If the linear map is fully PTE-mapped (as per
arch_has_pte_only_direct_map()), there is no need to introduce extra
state - the functions above directly call into the buddy allocator
and set the pkey for the given page.

Such an approach is however insufficient when block mappings are
used, because setting the pkey for individual pages is likely to
result in blocks getting split up: for a PMD block, (1 << PMD_ORDER)
PTEs are created, and the pkey is then set in the appropriate PTE.
This is doubly expensive: 1. a new PTE page must be allocated and
the entries updated accordingly; and 2. TLB pressure increases due
to the additional entries. Worse still, 1. is likely to be
recursive, as allocating a new PTE page with the appropriate pkey
could in turn require splitting a PMD.

This patch introduces a simple allocator for this specific use-case.
All PTPs are allocated from a global pool mapped with
KPKEYS_PKEY_PGTABLES; the pool is refilled with whole blocks if
possible (setting the pkey at PMD level). This greatly reduces the
number of blocks getting split - splitting should only occur under
memory pressure.

Important limitations:

* Special handling is required when refilling the cache, since
  set_memory_pkey() may split a PUD/PMD block, requiring a new
  PMD/PTE page to be allocated. This will be addressed in subsequent
  patches.

* Cached pages should be reclaimable under memory pressure. This
  will also be handled in a later patch.

* Only PTP allocations of order 0 and a small set of GFP flags
  (PBA_GFP_OPT_MASK) are supported. That should be good enough to
  cover the architectures that support pkeys (arm64, x86, powerpc).

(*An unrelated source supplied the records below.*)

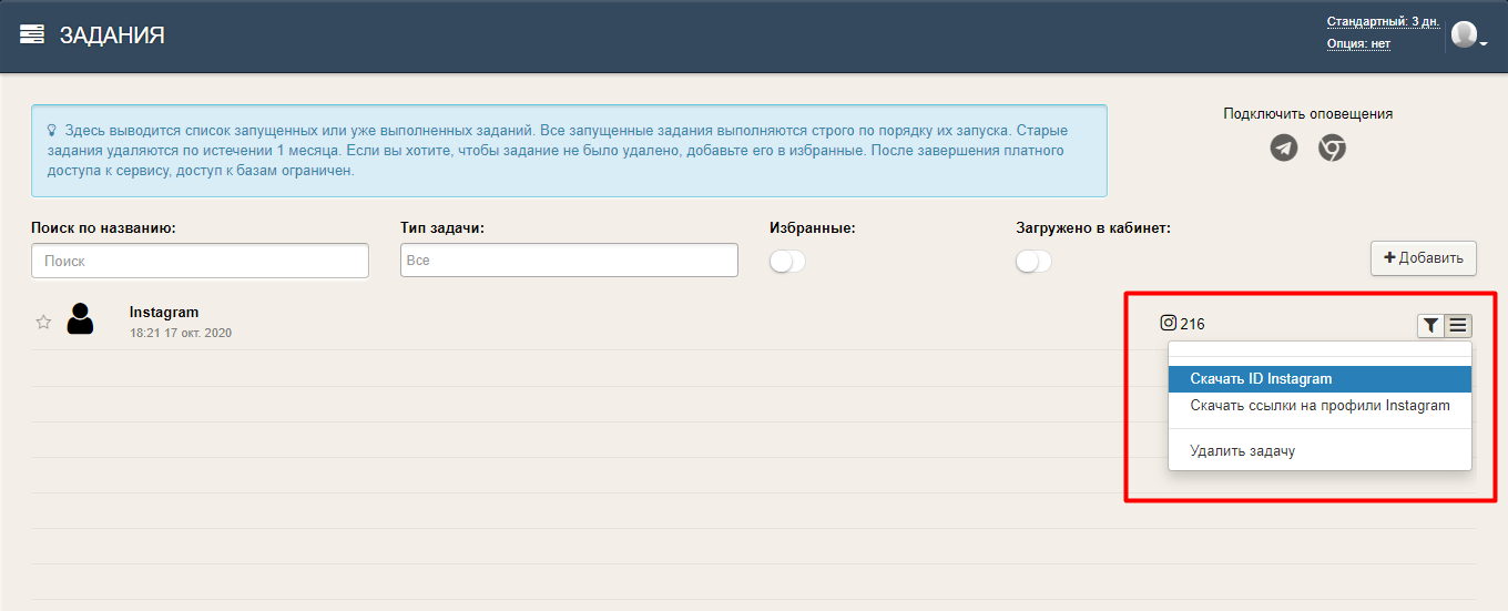 - В заданиях находим свой отчет, жмем на иконку с тремя горизонтальными полосками и выбираем «Скачать ID Instagram».
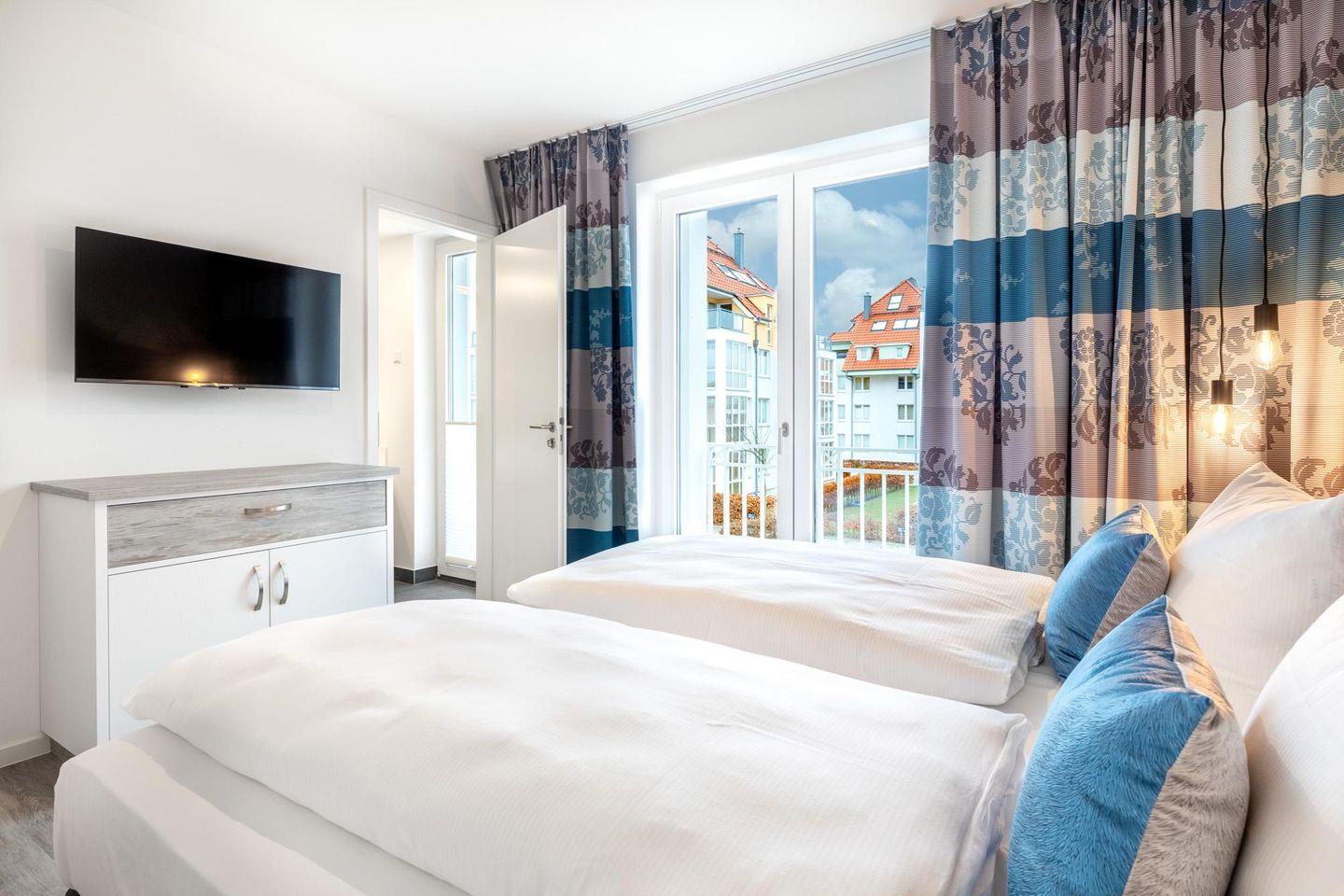 Das 55 m² große 2-Zimmer Apartment ist für bis zu 4 Personen geeignet. Besonders hervorzuheben ist der sonnige und überdachte Balkon in Süd-West-Lage; hier genießen das wohltuende Meeresklima. Durch einen über die nordwestliche Seite verlaufenden Austritt – ähnlich einem französischen Balkon - ist das Apartment besonders lichtdurchflutet.
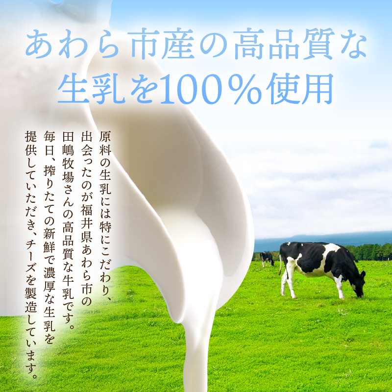 原料の生乳には特にこだわり、出会ったのが福井県あわら市の田嶋牧場さんの高品質な牛乳です。毎日、搾りたての新鮮で濃厚な生乳を提供していただき、チーズを製造しています。
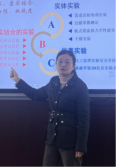 在兰支利教授简要开场后,三位主讲教师依次作专题分享。刘思洁老师以“具有地方特色的《化工工艺学》课程思政模式建设探索”为题,从思政融入的逻辑路径出发,系统阐述了如何将地方特色思政元素有机融入课程教学,并通过具体案例,展示了在培养学生职业道德、社会责任与家国情怀方面的实践做法。
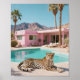 Ta med djärva, sol-indränkta viber till ditt hem med den här slående konsttryckningen med en stor leopard-loungingsida på ett drömt återtro till rosa Handflatan Vår hem. Med handflatan träd, bergskorpor och stänk av glam från vintage fångas perfekten av vild och chic i biet.
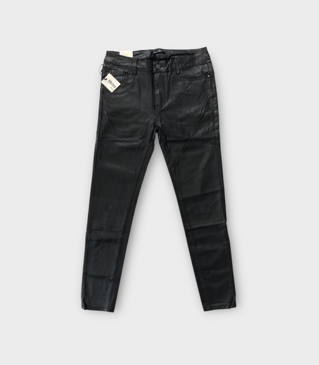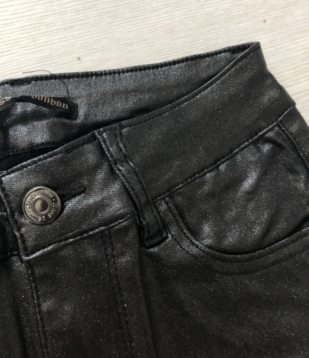Rugalmas anyagú, fekete, viaszolt push-up farmernadrág.
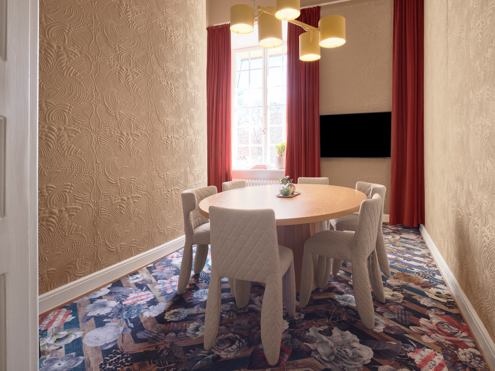 Ett rum med intim atmosfär och rund sittgrupp – perfekt för samtal eller intervjuer.
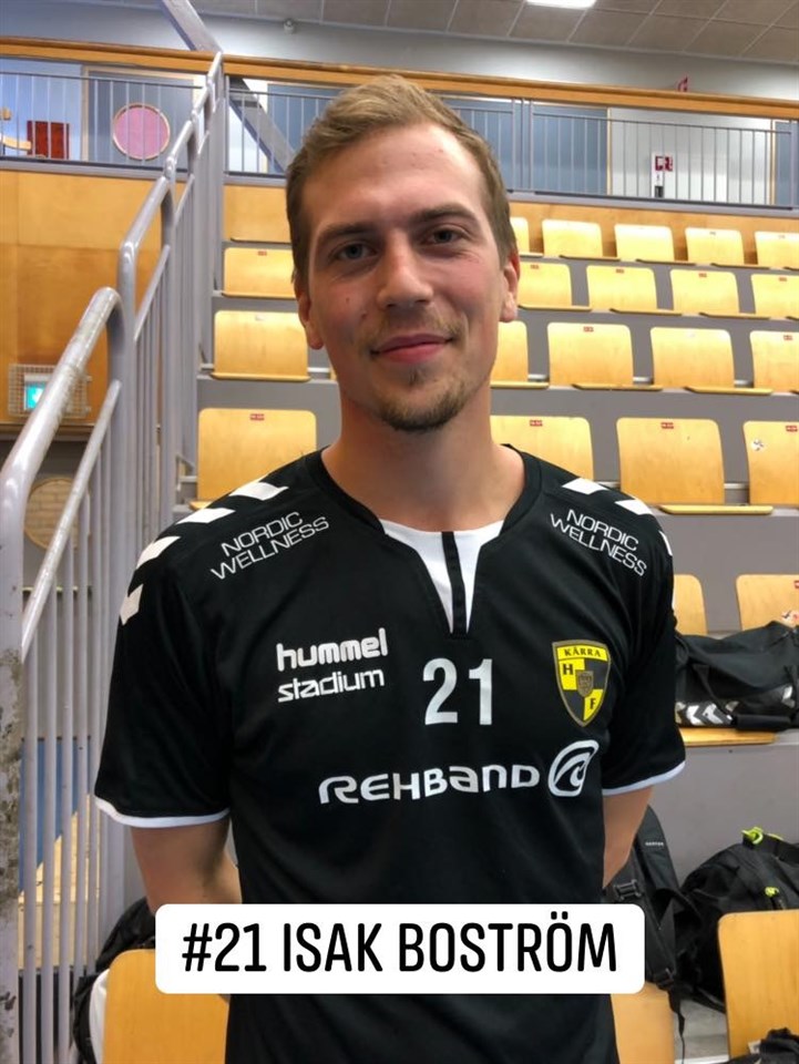 Nästa nyförvärv som vi tar pulsen på inför Herrarnas premiär hemma mot Boden lördag 14 september kl 14:00: Varmt välkommen till Kärra ännu en gång - Isak Boström! Och vem är Isak? - Jag är 25 år och med moderklubb i Lindesberg som vi möter senare i höst. Kommer till Kärra efter 4 spänstiga år i Hallby där jag spelat med bl a Joel Järlfors. Har lirat handboll sedan 10-års åldern samt spelat en del fotboll och tennis. Vi har ju sett dig mycket bidragande och imponerande i årets träningsmatcher hittills på V6, men för de som missat detta - hur beskriver du själv Isak handbollsspelaren med 3 ord? - Kontringsstark, spänstig och attityd Vad tycker du om Kärra så långt? - Ett riktigt gott gäng med härliga gubbar och med god stämning i kring. Engagerande strävan att prestera som med ovan gör allt till en mycket bra kombo! Dina intryck av lagkompisarna: Någon spelare i laget som överraskat dig särskilt och gjort stort intryck? - Jag visste inte att Joel Järlfors kan spela ut efter 4 år tillsammans i Hallby... Vem har sjukaste humorn? - Hahaha, Tobias Jademan toppar! Vem är eller tror sig vara smartast i omklädningsrummet? - Erik Nylén är vass på detta område också. Vem är precis alltid positiv även när det ösregnar som mest? - Det finns bara en solklar: Marcus Grüner. Vem är hetast? - Sebastian Wiik är snyggast! Hur ser du på våra möjligheter i Allsvenskan? - Vill ha oss som ett riktigt farligt hemmalag där motståndarna hatar att komma hit. Vi är här för att etablera oss! Vad tycker du att din nya hemmapublik kan förvänta sig att du bidrar med? - Jag trivs med snabb handboll, är en vinnarskalle som gör och ger allt för att vi vinner. Kommer också att bjuda på en och annan delikatess! Vad slipar du extra på vägen in till premiären? - Jag utvecklar skottarsenalen och finslipar avslutningslägena. Ett megastort lycka till #21 Isak Boström!
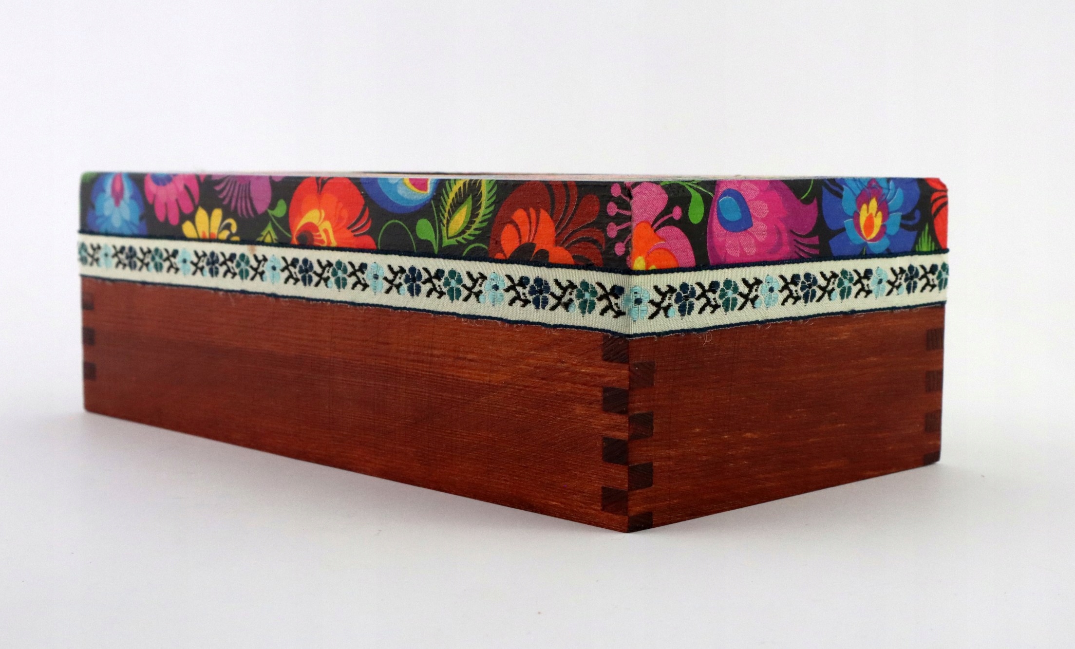 Одним із найхарактерніших елементів цієї коробки є візерунок Ловича. Ми використали барвистий квітковий візерунок, який чудово поєднується з відтінком рожевого дерева на чорному тлі. Цей візерунок додає коробці унікальний фольклорний характер.

* Pages are zeroed on alloc if requested (__GFP_ZERO). There is no
  support for init_on_free, PAGE_POISONING and other debug features.

Also noteworthy: spin_lock_bh is used as PTPs may be freed in
softirq context (RCU).

Signed-off-by: Kevin Brodsky <[email protected]>
---
 include/linux/kpkeys.h        |  10 ++
 include/linux/mm.h            |  14 +-
 mm/kpkeys_hardened_pgtables.c | 307 ++++++++++++++++++++++++++++++++++
 3 files changed, 329 insertions(+), 2 deletions(-)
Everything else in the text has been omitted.